Ярослав Шипов. Три рыбы от Святителя Николая.



 

Батюшка Михаил, немолодой сельский священник, отправился ловить рыбу. Река еще после паводка не вошла в свои берега, клева не было, но батюшкой руководило чувство долга, которое, впрочем, руководило им всегда. Однако в последние дни это чувство обострилось сугубо. Приближался праздник Троицы, особо почитаемый в здешних краях, а значит – с обязательными рыбными пирогами, но в деревне, где проживал священник, ни одного рыбака не осталось. А ему никак не хотелось оставить соседей без праздничного пирога. Вот и пришлось – взять удочку и спуститься к реке. Надо отметить, что дело происходило двадцать второго мая, то есть на Николин день, когда батюшка уже отслужил литургию и вернулся домой.

Подойдя к воде, он перво-наперво осенил себя крестным знамением, а потом обратился к Святителю Николаю, архиепископу Мир Ликийских, Чудотворцу. Обратился не вслух, а мысленно.

Мол, так и так, я, дескать, понимаю, что рыба сейчас не клюет и клевать не может. Но мне до крайности необходимы две рыбешки: для директора школы Петра Александровича и для Евстолии. Только две! Петр Александрович, хоть он в церковь не ходит, мужик неплохой, понимающий – это ведь он разрешил мне преподавать Закон Божий, а районные власти препятствовали, мешали. Опять же зимой: вечерами, бывает, выйдем на улицу, постоим, поговорим, и котишки наши рядом сидят – присутствуют. Мой Барсик с его Мурочкой очень дружен.

Ну вот. А в прошлый сенокос сын Петра Александровича – Александр Петрович – утонул: от жары перегрелся, нырнул в речку – сердце и обмерло. Река-то у нас все лето холодная. Молодой парень был – тридцать лет, тоже в школе работал: учителем физики. Трое ребятишек осталось.

Я его под отцовы именины как раз отпевал – под праздник Петра и Павла. Говорят, в прежние времена до Петрова дня не косили, но тогда, может, климат нормальный был? А теперь – не пойми чего. Петр Александрович с детства погодный журнал ведет – полвека уже, и получается, что нынешняя погода никакому пониманию не поддается.

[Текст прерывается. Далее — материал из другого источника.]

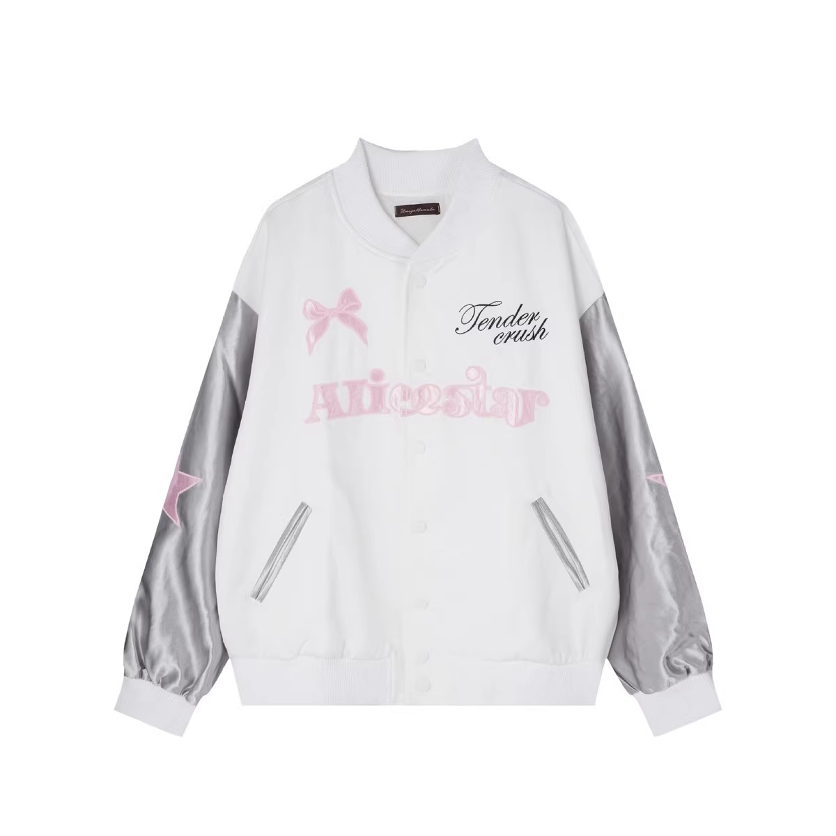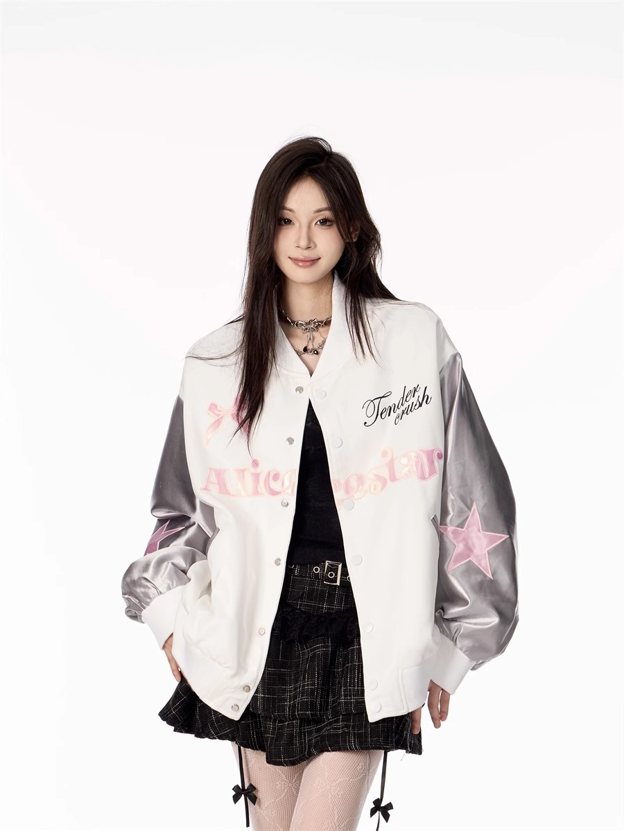 봄과 가을 새로운 미국 스타일 활 자수 야구 세트 코트 여성 달콤한 쿨 스파이스 소녀 한국 스타일 명암 컬러 재킷 트렌디

И вот, думаю, сядут они всей семьею за праздничный стол, а рыбного пирога нет. Всегда рыбник был, и вдруг не стало. Петру Александровичу самому теперь не словить: болеет он сильно. В этом году даже к реке не спускался.

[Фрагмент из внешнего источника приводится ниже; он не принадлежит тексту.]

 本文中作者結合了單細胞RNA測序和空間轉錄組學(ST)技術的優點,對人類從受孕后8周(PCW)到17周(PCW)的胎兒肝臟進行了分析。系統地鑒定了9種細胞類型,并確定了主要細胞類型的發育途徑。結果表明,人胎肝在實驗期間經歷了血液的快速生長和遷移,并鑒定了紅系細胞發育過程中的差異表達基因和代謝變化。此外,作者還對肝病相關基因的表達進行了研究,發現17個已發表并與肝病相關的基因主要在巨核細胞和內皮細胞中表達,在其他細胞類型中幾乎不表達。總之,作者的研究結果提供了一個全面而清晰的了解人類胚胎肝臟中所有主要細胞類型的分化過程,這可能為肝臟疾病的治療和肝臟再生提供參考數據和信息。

Излагая таким образом свой интерес, отец Михаил между тем забросил удочку и всматривался в поплавок. Поплавок не шевелился. Спохватившись, батюшка спешно добавил, что семья у директора школы немаленькая: супруга, дочка с мужем, сноха, трое внуков, – стало быть, и рыбник нужен большой, чтоб всем хватило. И, надеясь на понимание, попросил у Святителя Николая помолиться пред Господом за недостойного иеромонаха Михаила.

Тут поплавок резко ушел под воду, батюшка подсек и вытянул на берег щуку: впервые в жизни ему довелось поймать на червяка, да еще и у самого берега, такую большую щуку. Леска не выдержала и оборвалась – хорошо, что рыбина была уже на земле. Он поблагодарил Господа, связал леску и снова забросил удочку. После чего стал рассказывать про соседку Евстолию.

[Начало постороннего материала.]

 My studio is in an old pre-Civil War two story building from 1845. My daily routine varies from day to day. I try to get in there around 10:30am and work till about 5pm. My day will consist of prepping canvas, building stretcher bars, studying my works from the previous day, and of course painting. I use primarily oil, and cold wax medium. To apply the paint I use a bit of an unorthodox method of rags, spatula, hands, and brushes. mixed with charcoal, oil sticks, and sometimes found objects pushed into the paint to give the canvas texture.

Про то, что она недавно овдовела, что покойный муж ее – дед Сережа – во время войны был подводником. Последнее обстоятельство отец Михаил повторил и даже сделал небольшую паузу, намекая этими знаками, что рассчитывает на особое расположение Святителя Николая к морякам. Сообщил, что на службу Евстолия ходит каждый воскресный день и всякий раз приносит березовое полешко для отопления. Такая вот лепта вдовицы. Раньше-то дед Сережа ставил на реке сеточку, а теперь Евстолия может без пирога остаться. В связи с ее одиночеством и малой комплекцией батюшка и рыбку просил некрупную. Только одну!

Попалась плотвица граммов до шестисот: из такой выходит сочнейший пирог классического размера. Еще раз поблагодарив Господа, а затем и святителя Николая за его скорую отзывчивость на молитвы, батюшка смотал удочку и пошел домой.

Все, что происходило до сей минуты, едва ли удивит верующего человека: по молитвам, известно, и не такое случается, – самое интересное началось именно теперь. Отец Михаил вдруг остановился и в полном смятении произнес: «Господи, прости меня, грешного: про Анну Васильевну позабыл!».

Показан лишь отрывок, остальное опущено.